The effect of matrix toughness and loading rate on the mode-II interlaminar fracture toughness of glass-fibre/vinyl-ester composites

Abstract

Glass-fibre-reinforced composites are increasingly used for structural applications. However, like high-performance carbon-fibre composites, they are susceptible to mode-II-dominated delamination. In response to this problem, this paper investigates the effect of matrix toughness and loading rate on the mode-II interlaminar fracture toughness ( G IIc) of unidirectional glass-fibre composites with brittle and rubber-toughened vinyl ester matrices. Mode II tests were conducted σn end-notch-flexure (ENF) specimens at test rates ranging from 1 mm/min to 3 m/s.
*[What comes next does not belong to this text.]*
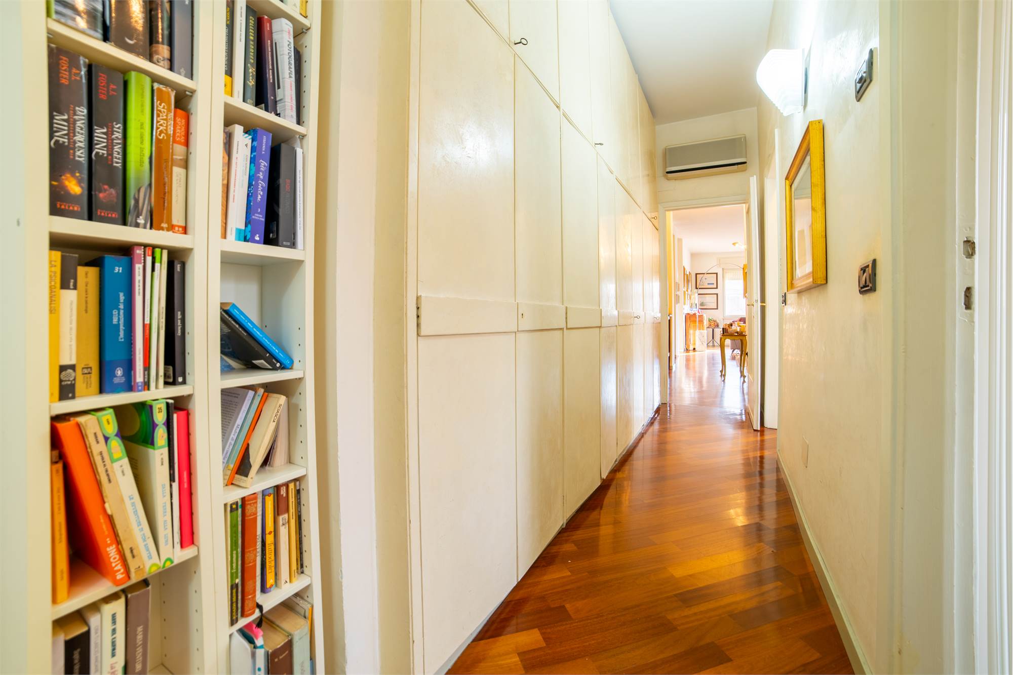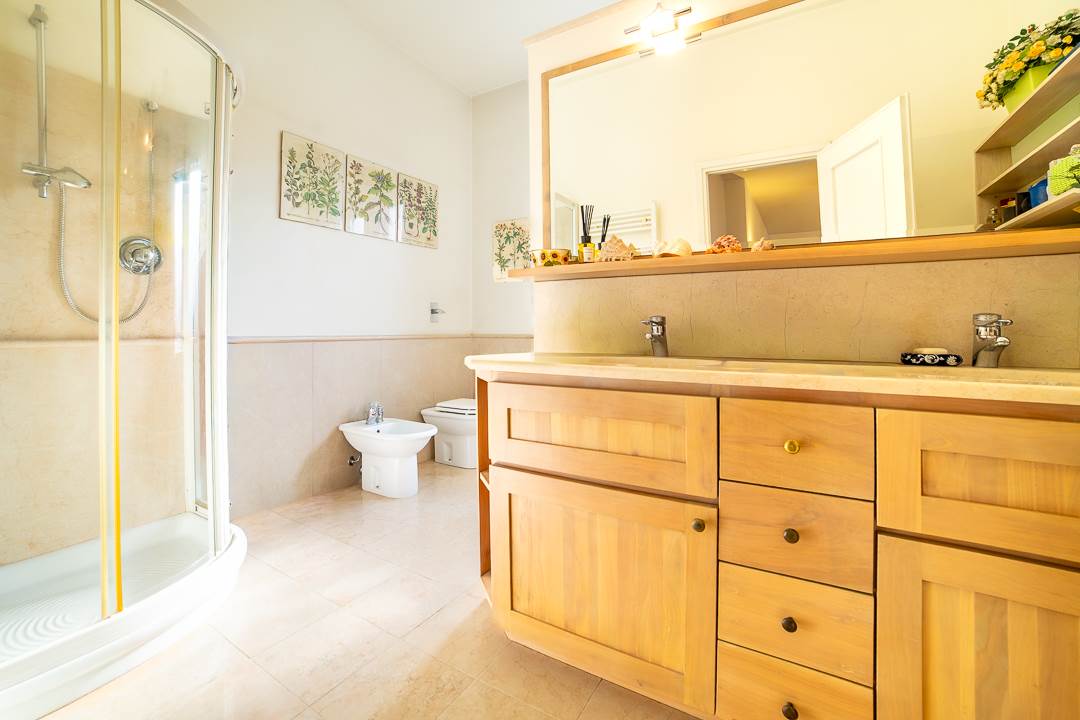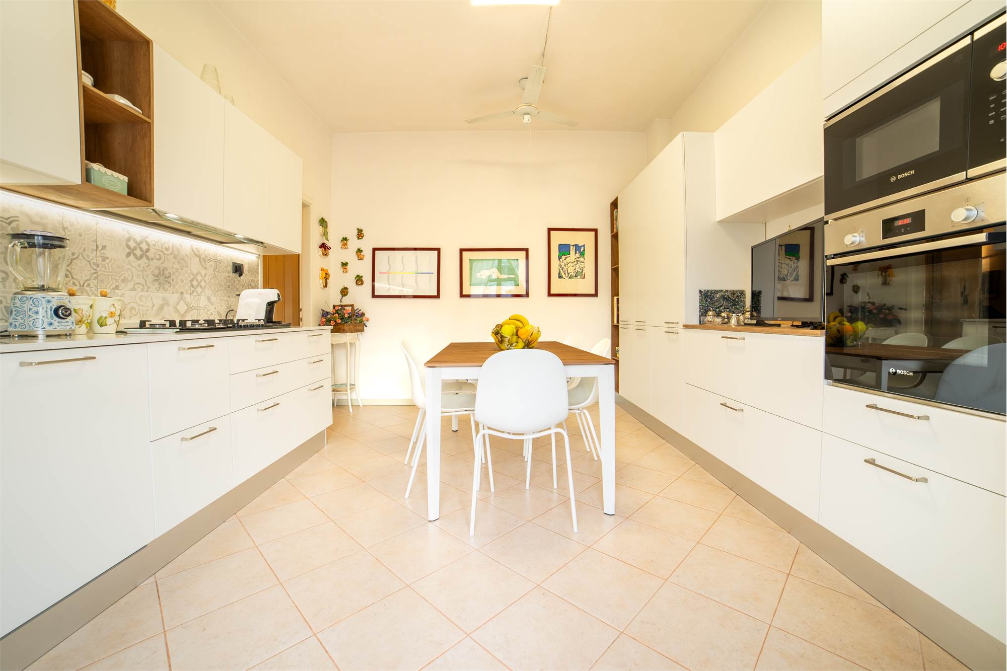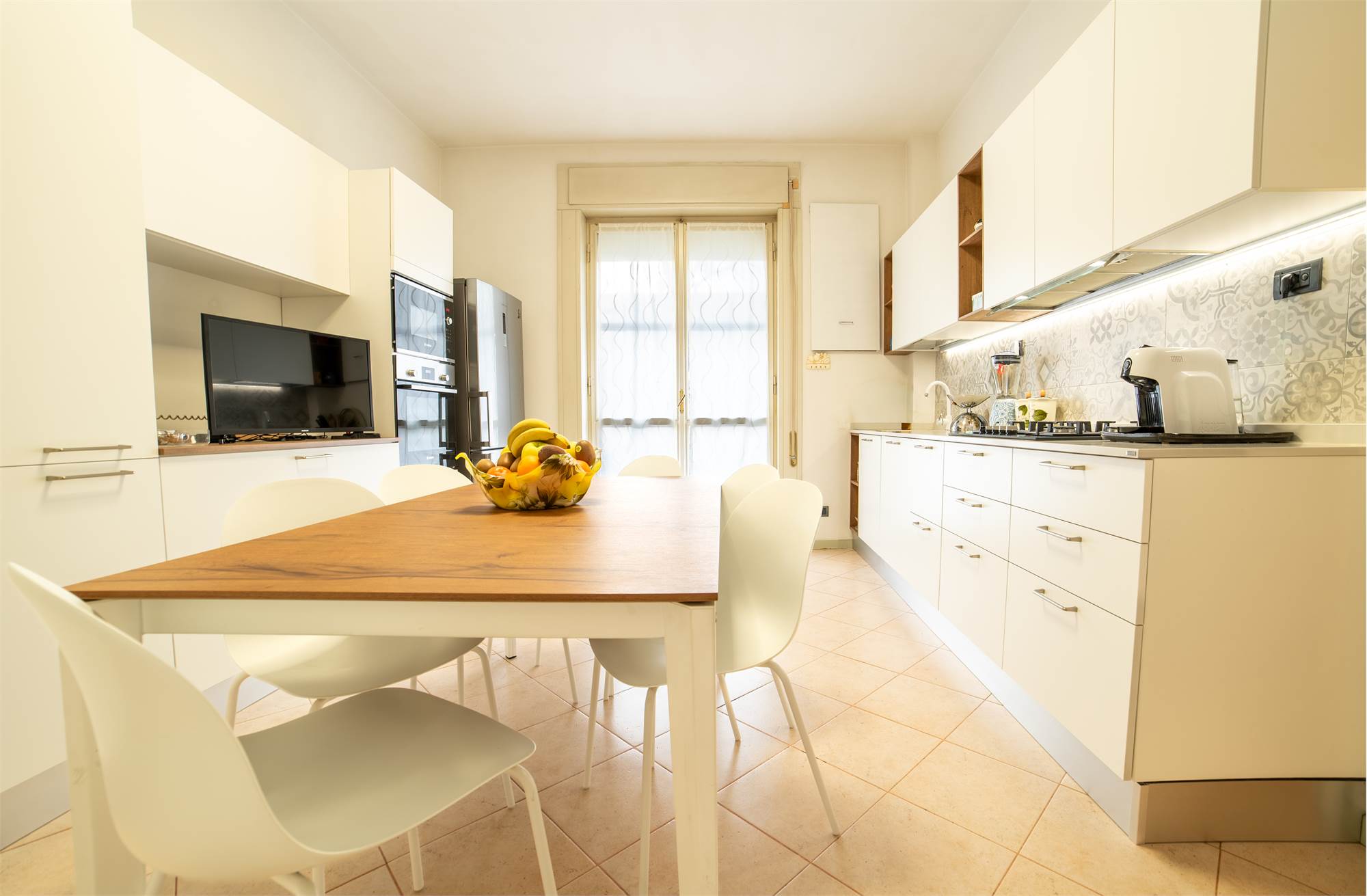 La cucina è abitabile, moderna e ben organizzata, con accesso diretto al balcone dotato di funzionale tenda elettrica, un plus particolarmente ricercato.

The G IIc results were compared to the order of matrix G Ic. There was no significant effect of loading rate or matrix toughness on G IIc. The absence of a loading rate effect is consistent with the bulk of the experimental data in the literature, but the absence of a matrix effect is not. Microscopic examination of fracture surfaces shows similar matrix deformation in each composite. The through-thickness matrix deformation zone size is also similar. These observations suggest similar energy absorption in each composite and hence support the G IIc test results. It is concluded that failure is interface controlled, whereby unstable fracture is initiated after a similarly short period of crack growth in each composite, and before an increase in G IIc as a result of increased matrix toughness becomes apparent. The G IIc results indicate that the use of rubber-toughened vinyl ester matrices in glass-fibre composites will not improve resistance to impact-induced mode II-delamination. However, through-thickness impact damage in composite structures is likely to result from mixed-mode (I/II) loading. Therefore, suggestions for future work include investigation of the matrix effect on mixed-mode (I/II) interlaminar fracture toughness, and on delamination resistance of plate structures subjected to transverse low-velocity impact.